Promised $1080 tax burst ends up much more modest
The Morrison government's promised $1080 low and middle income tax boost to 4.5 million Australian taxpayers which would lift the economy has turned into a $420 bump barely noticed by the nation's shopkeepers.
Australian Tax Office figures show the average tax refund received by those who rushed to get the tax offset announced in this year's budget have received far less than expected.
In the April budget, Treasurer Josh Frydenberg unveiled a doubling of the low and middle income tax offset which he said would deliver up to $1080 to single earners and up to $2160 for dual wage families.
He said 10 million taxpayers would get some of the offset with 4.5 million getting the full amount, which the Treasurer predicted would flow
quickly into the economy.
"This tax relief will lift household incomes, ease cost of living pressures and boost spending at local businesses," he said in his budget
speech.
Australians rushed to get their hands on the offset at the start of the new tax year.

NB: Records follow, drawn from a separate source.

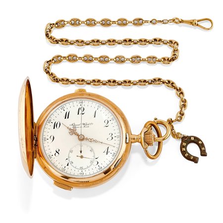 tripla cassa, contatore bianco con numeri arabi in smalto nero, secondi al sei, pulsante cronografia ore dodici, suoneria ore e quarti, trattenuto da collana in maglia marinara non coeva in oro giallo 18K.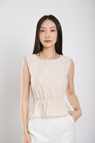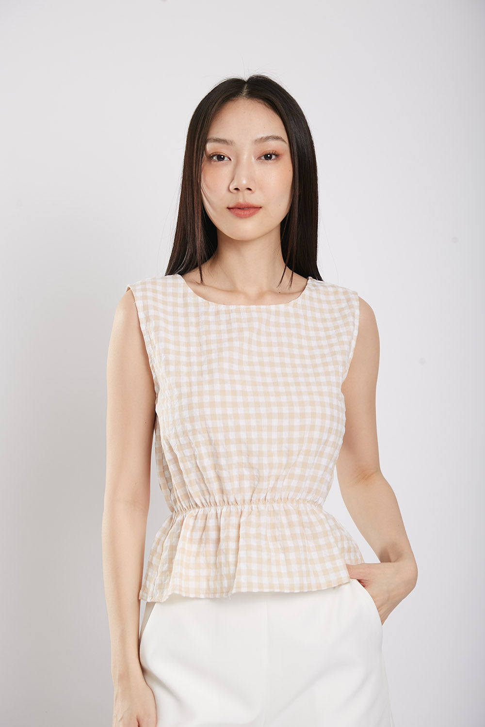 Take on the day in our Sleeveless Gingham Cotton Top! Made with lightweight cotton material, this top offers a comfortable and breathable fit. Slip it on for effortless style and conquer your day with confidence.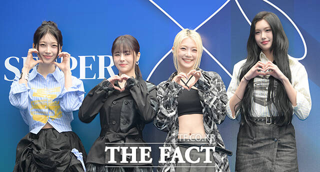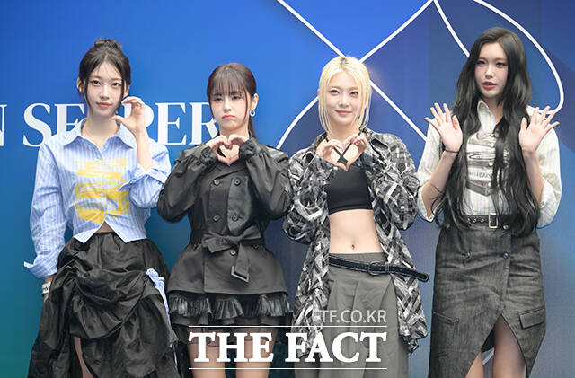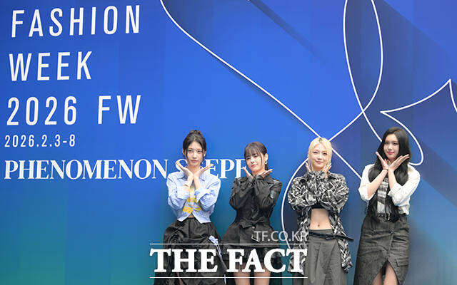 [더팩트ㅣ박헌우 기자] 에버글로우 시현과 이유, 온다, 아샤(왼쪽부터)가 4일 오후 서울 중구 동대문디자인플라자(DDP)에서 열린 '2026 F/W 서울패션위크' 페노메논시퍼 포토월에 참석해 포즈를 취하고 있다.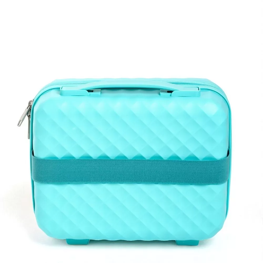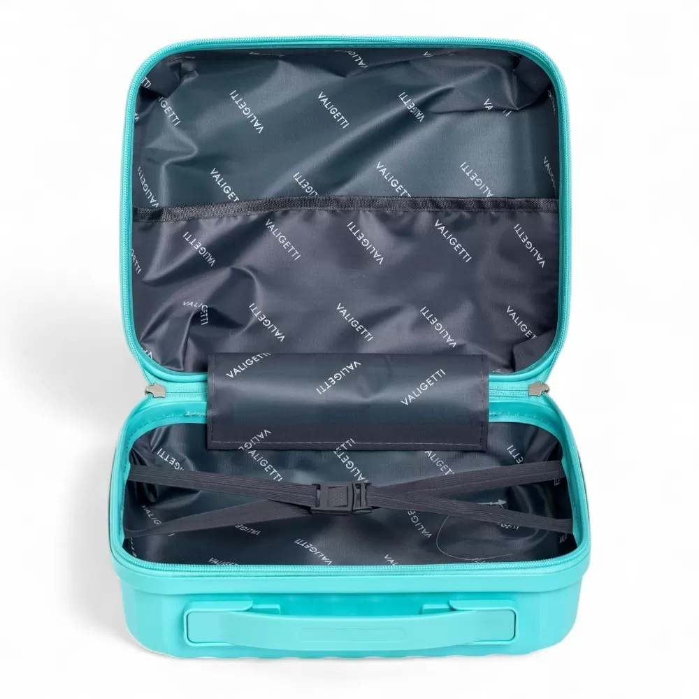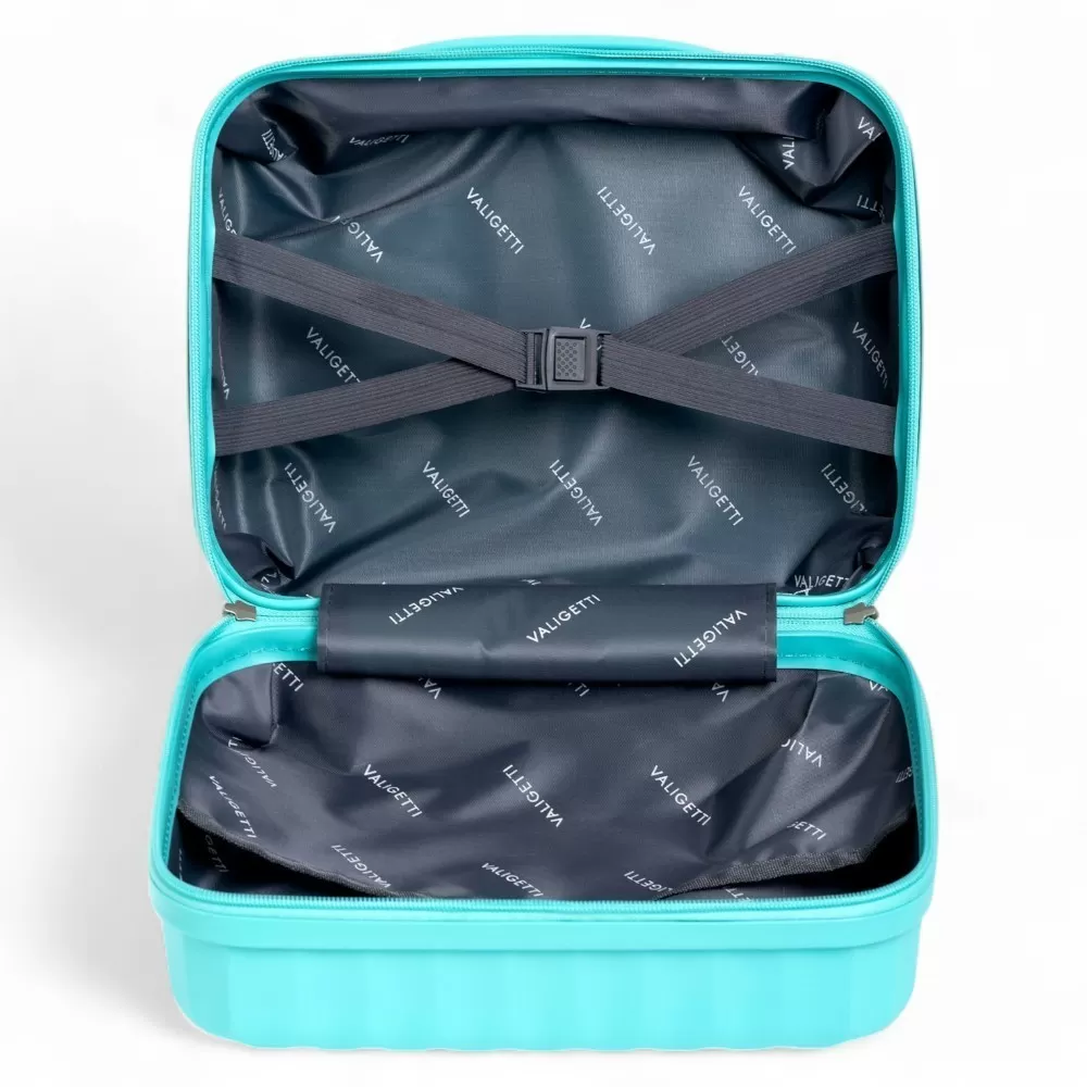 Бьюти-кейс Valigetti выполнен из ударопрочного и термостойкого полипропилена. У кейса рельефная антивандальная поверхность. Модель представлена в бирюзовом цвете. Есть прорезиненная ручка и пластиковые ножки. Застежка — молния. Внутри кейса текстильная подкладка. В одной части — перекрестные ремни для фиксации косметики, в другой — накладной карман. На задней стороне кейса лямка-резинка для крепления к выдвижной ручке чемодана.

By the end of October, the ATO reported it had mailed back 7.9 million returns – 800,000 more than the same period last year.

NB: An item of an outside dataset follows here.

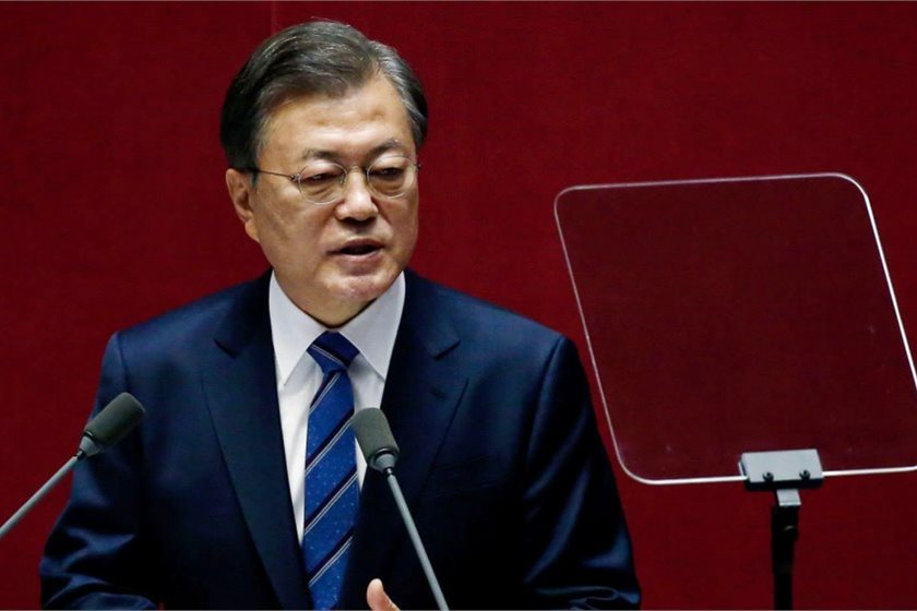 South Korean President Moon Jae-in speaks at the National Assembly in Seoul on Wednesday |

Total refunds worth $22 billion have gone out to workers, up $5 billion on the $16.9 billion recorded for the same period in 2018. But the average size of tax refunds has only increased to just under $2800 from $2379.
Economists that had been tipping the refunds to deliver a much needed boost to the economy had factored in much larger tax refunds.
Retail trade figures have shown barely any growth with the September data, to be released Monday, expected to report a modest 0.5 per cent increase for the month.
Accountants believe one reason for the smaller-than-expected refunds is tied to the rush by many Australians to lodge their tax. A record high 42 per cent of income tax returns lodged with the ATO have been done by individuals rather than via an accountant or tax agent. Individual returns are up almost a quarter on last year.
While income details are pre-filled on the myTax website, deductions which tax agents carefully monitor are not.
There have also been a large number of warnings from the ATO about the over-claiming of work-related deductions.
Last week ATO assistant commissioner Karen Foat urged people who had yet to submit their tax return to make sure it was accurate.
“Where people put off their returns and lodge at the last minute or even after the deadline, we also start to see some easily avoidable errors," she said.
AMP Capital chief economist Shane Oliver said the modest increase in the size of refunds pointed to the economy being more subdued than expected by both the Reserve Bank and the government.
The RBA board meets on Tuesday with Dr Oliver expecting it to hold official interest rates at their current record low of 0.75 per cent.
"The RBA should be easing again given the long way the economy has to go to achieve full employment and to end the chronic undershooting of the inflation target, but it looks reluctant to cut rates again just yet," he said.